**Raw data**:
● ● ● ● ●
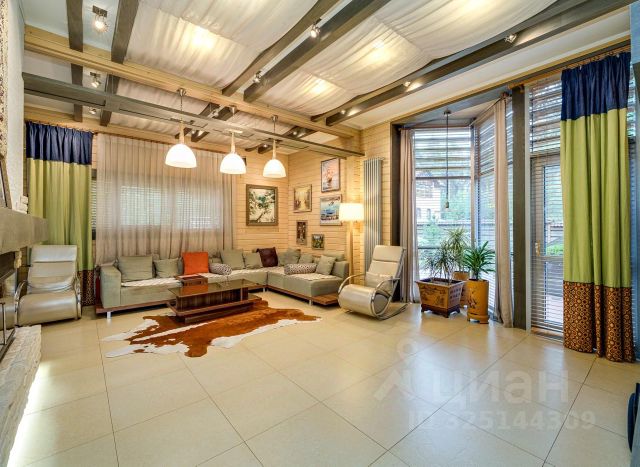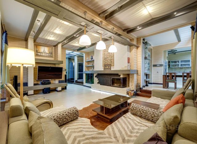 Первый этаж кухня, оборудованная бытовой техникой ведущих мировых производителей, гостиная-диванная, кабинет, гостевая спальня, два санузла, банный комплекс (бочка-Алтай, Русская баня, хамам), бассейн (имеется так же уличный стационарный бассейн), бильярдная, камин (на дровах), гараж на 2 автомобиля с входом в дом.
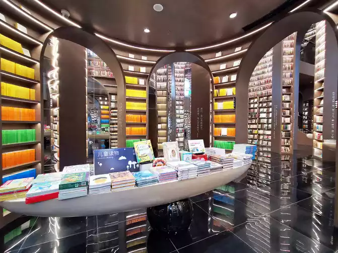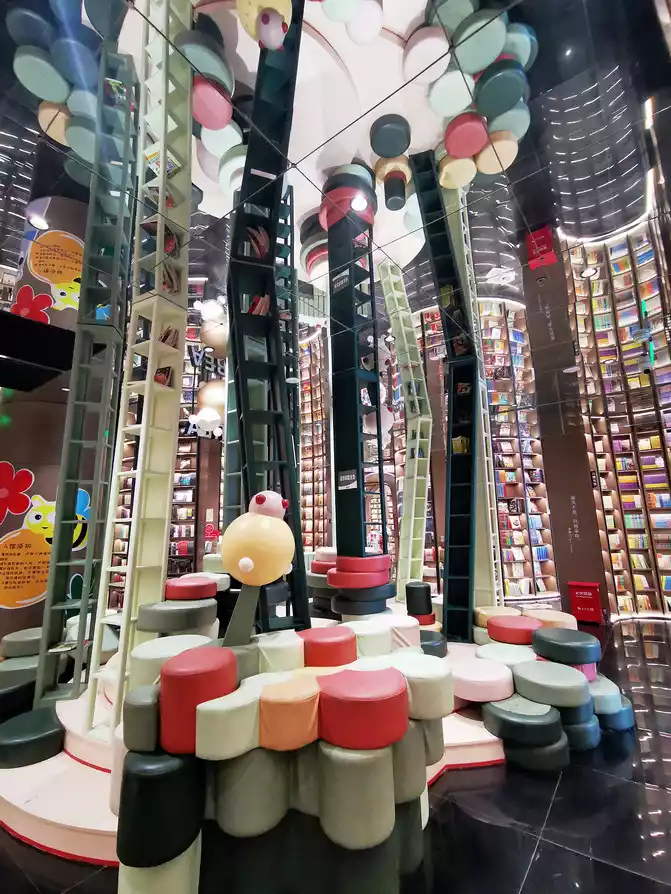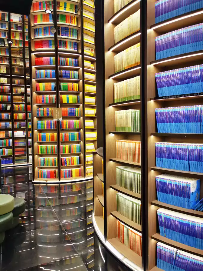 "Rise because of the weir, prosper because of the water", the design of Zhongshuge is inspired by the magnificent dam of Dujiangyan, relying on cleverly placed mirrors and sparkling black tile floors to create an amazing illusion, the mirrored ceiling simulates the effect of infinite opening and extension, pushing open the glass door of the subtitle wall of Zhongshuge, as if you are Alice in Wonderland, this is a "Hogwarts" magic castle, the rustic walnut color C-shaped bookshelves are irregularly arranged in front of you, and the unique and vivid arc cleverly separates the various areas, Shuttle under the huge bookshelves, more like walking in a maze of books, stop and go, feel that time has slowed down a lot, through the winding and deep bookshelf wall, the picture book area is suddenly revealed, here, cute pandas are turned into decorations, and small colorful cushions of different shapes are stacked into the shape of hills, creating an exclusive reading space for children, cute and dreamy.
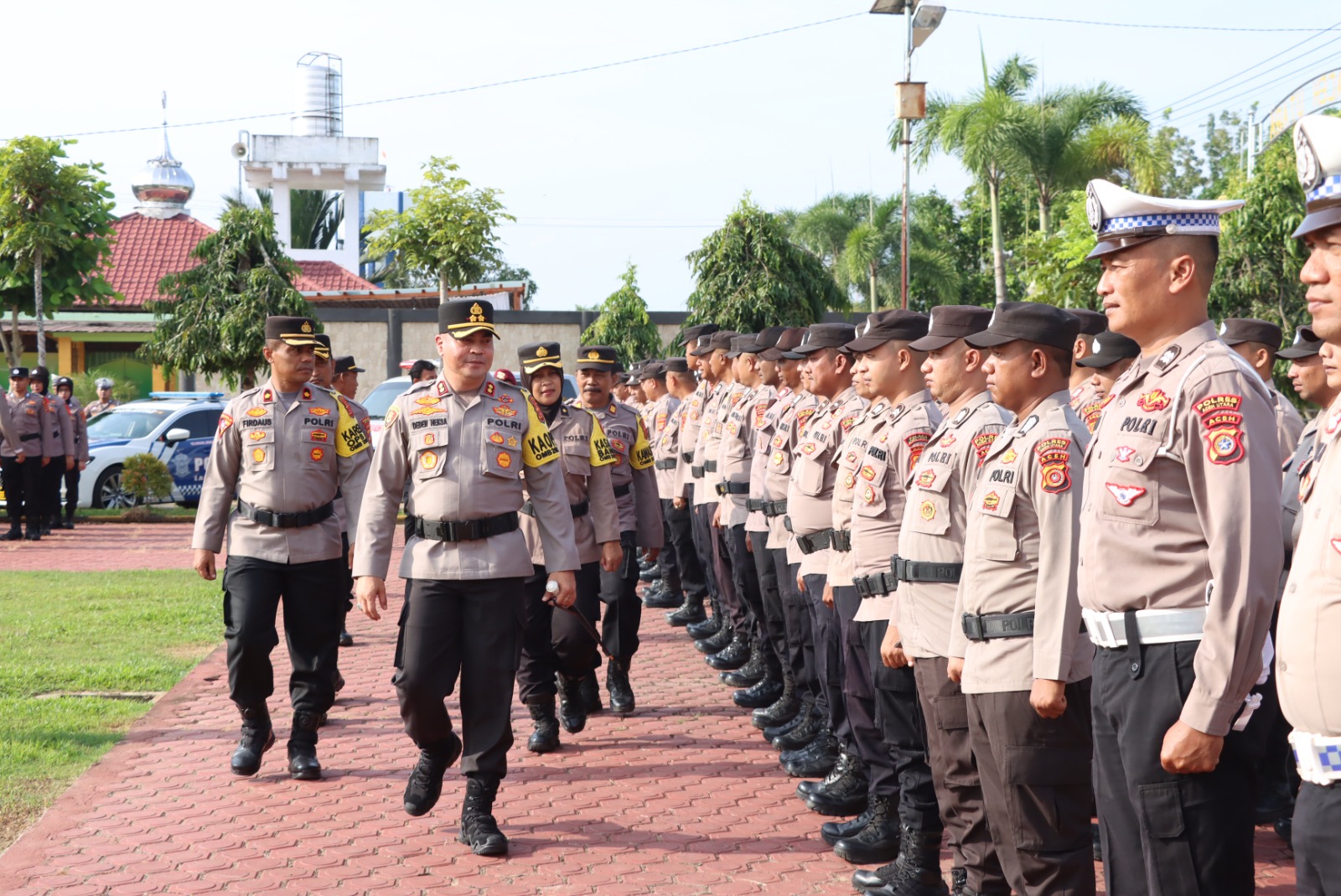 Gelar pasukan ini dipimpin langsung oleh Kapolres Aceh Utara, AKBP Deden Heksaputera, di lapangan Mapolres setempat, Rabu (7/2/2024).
● ● ● ● ●
**Exercise details**: A verbatim copy of the material, pictures excluded, is what must be produced.

**The answer**:
 Первый этаж кухня, оборудованная бытовой техникой ведущих мировых производителей, гостиная-диванная, кабинет, гостевая спальня, два санузла, банный комплекс (бочка-Алтай, Русская баня, хамам), бассейн (имеется так же уличный стационарный бассейн), бильярдная, камин (на дровах), гараж на 2 автомобиля с входом в дом.
 "Rise because of the weir, prosper because of the water", the design of Zhongshuge is inspired by the magnificent dam of Dujiangyan, relying on cleverly placed mirrors and sparkling black tile floors to create an amazing illusion, the mirrored ceiling simulates the effect of infinite opening and extension, pushing open the glass door of the subtitle wall of Zhongshuge, as if you are Alice in Wonderland, this is a "Hogwarts" magic castle, the rustic walnut color C-shaped bookshelves are irregularly arranged in front of you, and the unique and vivid arc cleverly separates the various areas, Shuttle under the huge bookshelves, more like walking in a maze of books, stop and go, feel that time has slowed down a lot, through the winding and deep bookshelf wall, the picture book area is suddenly revealed, here, cute pandas are turned into decorations, and small colorful cushions of different shapes are stacked into the shape of hills, creating an exclusive reading space for children, cute and dreamy.
 Gelar pasukan ini dipimpin langsung oleh Kapolres Aceh Utara, AKBP Deden Heksaputera, di lapangan Mapolres setempat, Rabu (7/2/2024).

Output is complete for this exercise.